T3 or not to T3
Dean Gaudet
dgaudet at hotwired.com
Mon Jul 22 00:31:07 UTC 1996
In message <199607220013.TAA27391 at academ.com>, Stan Barber writes:
>> From stuff I've seen here and elsewhere I think the most important reason
>> for this is congestion at NAPs making it impossible to suck (or shove)
>> lots of bandwidth at anything but your provider's backbone.
>
>In using "NAPs" above, are you just talking about the NSF NAPs or all
>interconnections?
I'm not clear on the distinction -- but since the first location we
want to do this would be based in San Francisco, I'm referring mostly to
mae-west, the pacbell nap, and CIX. It should be relatively inexpensive
to long-haul a few T1s further away from the California NAPs. (and it
would be relatively expensive to move the machines... because of the
people involved in maintaining them. Which is a pain, 'cause doing
high-availability stuff in an earthquake zone seems silly.)

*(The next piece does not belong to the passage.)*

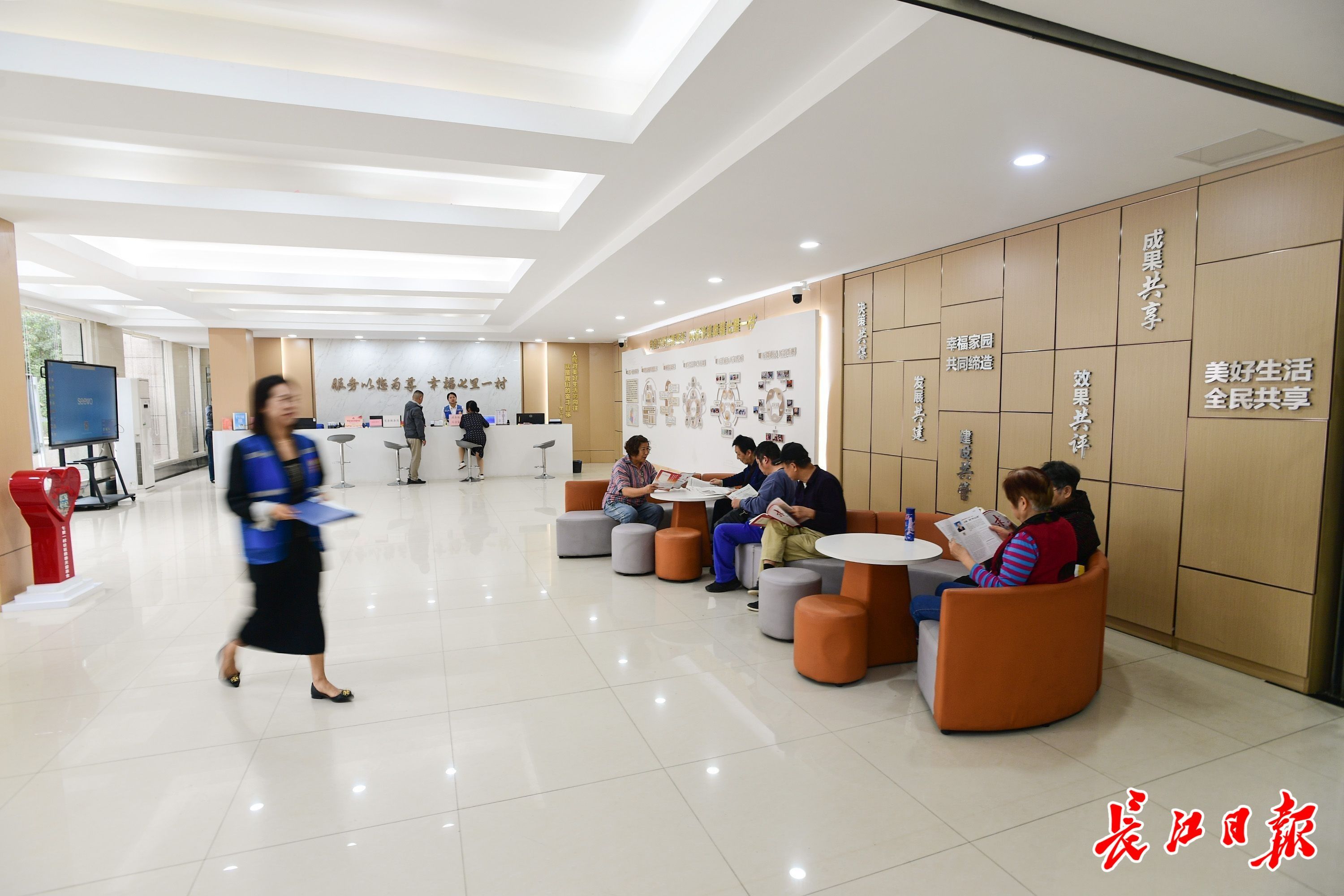 汉阳区七里一村社区党群服务中心,“办公室式”的办事大厅场景消失不见,取而代之的是沙发、圆桌等“家居式”布局。长江日报记者史伟 摄

>Generally for each connection to each provider, you would have to set up
>BGP.
Yeah, definately. But most backbones seem to have "customer routes" as
an option, and if I trust them enough to get those routes correct then
I will hopefully not have to bother with extreme amounts of filtering.
It's pretty easy to enforce "no transit" at the packet filtering level
-- only packets destined for my nets will be allowed in. Is there some
other aspect of filtering I'm forgetting about? We have a dedicated
and backup network engineer at any rate. The border router would be a
cisco 7200 or 7500 series with 128Mb.